- Potrzeba przemiany serca, pokonania własnego egoizmu, zmiany myślenia, uczynienia miejsce dla Boga, by Jego słowo stało się centrum naszego życia - mówił w Środę Popielcową w archikatedrze wrocławskiej bp Jacek Kiciński.
Uroczystej Mszy świętej na rozpoczęcie Wielkiego Postu przewodniczył bp Jacek Kiciński. Razem z nim Najświętszą Ofiarę w Środę Popielcową sprawował bp Andrzej Siemieniewski oraz kapłani archidiecezji wrocławskiej.
W homilii bp Kiciński zwrócił uwagę, że znak posypania głów popiołem towarzyszył chrześcijanom od samego początku. Chodzi o pokutników, którzy popełnili publiczne grzechy i chcieli powrócić do wspólnoty Kościoła.

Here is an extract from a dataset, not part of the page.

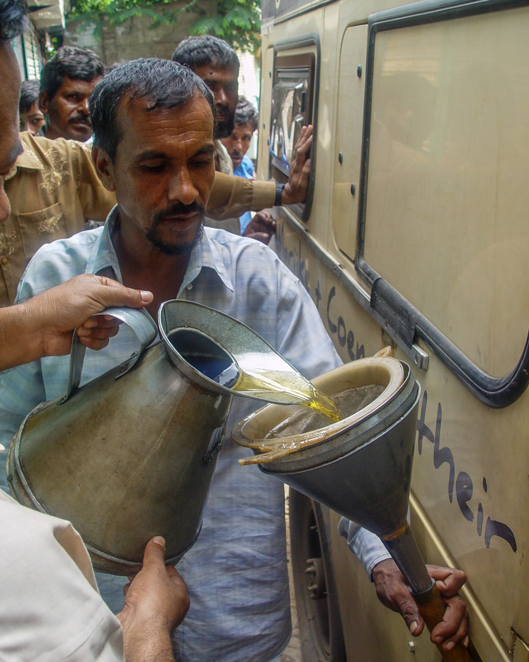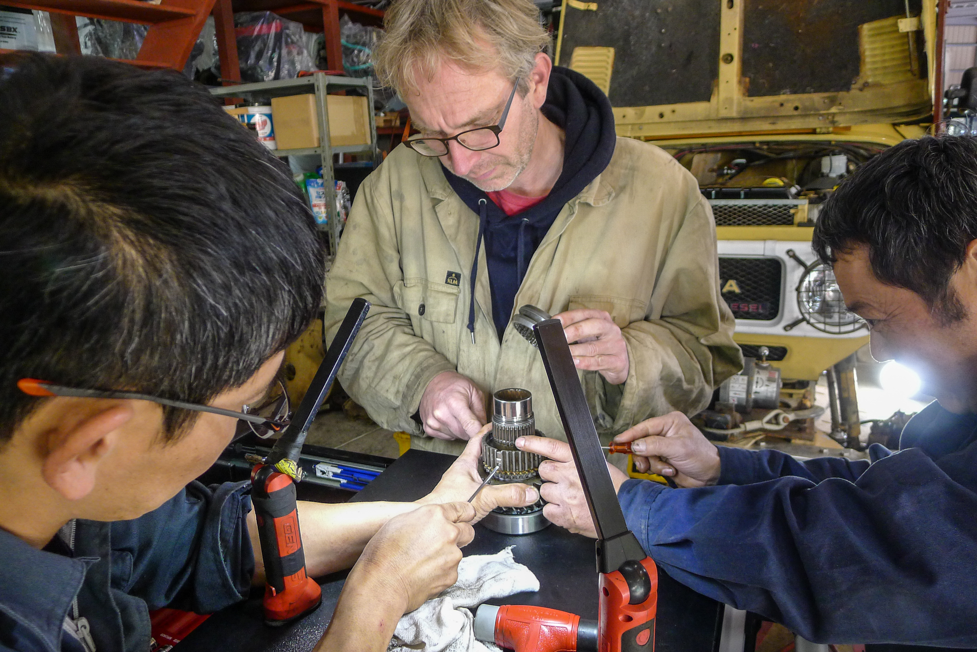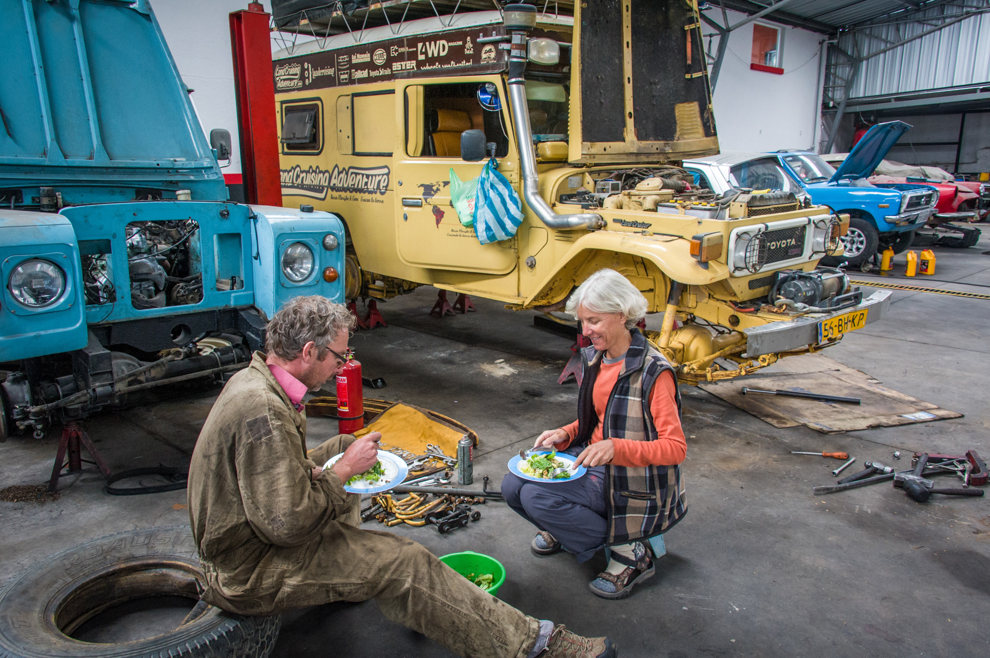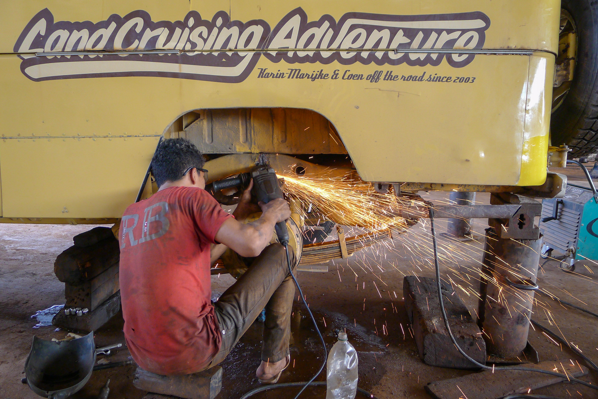 Coen’s worries mostly occur before the actual repair takes place, with questions running amok in his head, “How are we going to fix this? Where will we find people who can help us?” Once in the workshop and having changed into his overalls, Coen quickly enjoys himself. He learns from the mechanics who help him, and in return, lends them a hand when needed. Mechanics may take him for lunch or the day ends with a barbecue. Sometimes the work takes longer than a day and we camp in workshops. A Toyota dealer in India gave us the keys to the showroom so we could watch TV in the evening among brand-new Prados. In Bogotá, we could not leave or enter the workshop after 10:00 p.m. because the alarm was set, while in Quito, the alarm was supposed to be off but wasn’t. When we walked to a sink to brush our teeth we were scared out of our wits by the noise when the alarm went off. Camping in workshops has given us unique adventures.
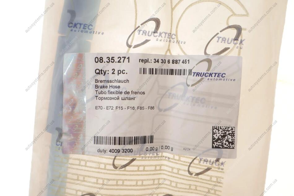 Шланг гальмівний (передній) BMW X5 (E70/F15)/X6 (E71/E72) 06-19 TRUCKTEC 08.35.271

- Z biegiem czasu chrześcijanie zaczęli ten zwyczaj praktykować wobec samych siebie. Każdy z nas potrzebuje bowiem nawrócenia. Dlatego obrzęd ten stał się zewnętrznym wyrazem pokuty całego Kościoła. Chylimy nasze głowy, wyrażając w ten sposób pragnienie powrotu do Boga i do Jego słowa. Pragniemy wrócić do jedności z Panem Bogiem - nauczał biskup pomocniczy archidiecezji wrocławskiej.
Podkreślił, że Wielki Post dla ludzi wierzących jest pewnego rodzaju zrywem duchowym. To 40 dni wytężonej pracy nad sobą pod okiem Ojca, który jest miłością. To także nasze publiczne świadectwo wiary. A znaki zewnętrzne są ważne. Za nimi kryje się bowiem głęboka treść.
W Liście do Koryntian św. Paweł ogłasza: „Oto teraz czas upragniony. Oto teraz czas zbawienia”.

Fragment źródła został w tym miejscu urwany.